Today, the forward-looking return on holding U.S. dollars, and most other major currencies, has been artificially lowered by the Fed’s commitment to keep interest rates pegged at near zero for the next few years; real yields on U.S. government bonds are negative out to 20 years. In such a world, we believe the desire and willingness of investors to hold gold relative to other currencies increases dramatically, creating the potential for continued price appreciation.
The real price of gold
Of course, investors must also consider valuation, especially since some believe gold is overpriced. Figure 1 shows the inflation-adjusted value of gold since 1970. There is no doubt that gold prices, which averaged $1,630 in August, are high. However, in inflation-adjusted terms, gold is 12% below its 1980 peak. Inflation in 1980 hit 15% year-over-year, and inflation today is running much lower so some may question the validity of comparisons to 1980. While we believe that inflation over the next several years is likely to be higher, on average, than it has been over the past 20 years and that the tail risks are for much higher inflation, this speaks more to the outlook for the nominal price of gold.

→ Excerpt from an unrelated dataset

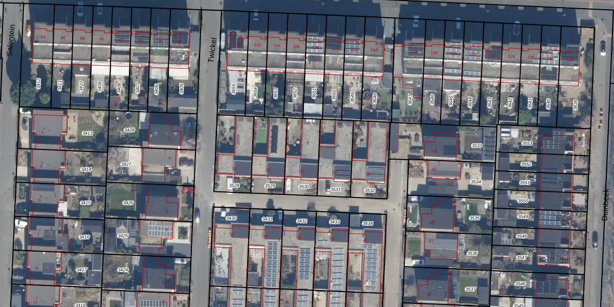 Gebruik de zoekbalk of klik op een perceel voor informatie over de adressen binnen dit perceel.

The price of gold in real or inflation-adjusted terms is less affected by the rate of inflation and more impacted by the level of real interest rates because as discussed previously, it is the real interest rate that drives the relative attractiveness of holding gold relative to other currencies. With real interest rates negative on average for the next 20 years, it is of little surprise that gold is trading near its all-time inflation-adjusted high.
Even the inflation-adjusted value of gold doesn’t tell the whole story, however. Thanks to productivity gains and economic growth, per capita GDP is significantly higher today than 30 years ago. Thus, the average person today has more wealth and, all else being equal, can afford to pay relatively more for gold.
To Chinese, gold has never seemed less expensive
Figure 2 shows the ratio of gold prices to per capita GDP in the U.S. and China. In dollar terms, gold is still 34% below its 1980 peak, as U.S. per capita GDP is higher today. Furthermore, this is a relatively U.S. centric view, and considering that China represents the largest source of global gold demand, we believe investors take an overly myopic view at their peril. Chinese per capita GDP has grown at an 18% annualized rate for the past 10 years, compared with just 3% per year in the U.S. Thus, while gold might seem quite expensive to those of us in developed economies, its price seems much less expensive to those in faster-growing emerging economies like China.
Another way to think about the relative value of gold is to consider what a return to the gold standard might look like. In other words, what if the entire world’s gold were used to back the global supply of fiat currency? Globally there are roughly $12.5 trillion in physical and electronic currency reserves. Given that there are 155,000 metric tons of gold above ground, this equals an approximate price of $2,500 per ounce if all of the world’s reserves were to be backed by the entire stock of above-ground physical gold.
Not really so pricey
These points lead us to believe that gold valuations are not as stretched as a naïve look at its nominal price might suggest. Central banks globally are seeking to depreciate their currencies in a beggar-thy-neighbor attempt to stimulate their domestic economies (the Swiss National Bank is a prime example). Therefore, we believe investors should consider owning gold, precious metals and other assets that store value as long as central banks continue to print and maintain negative real interest rates.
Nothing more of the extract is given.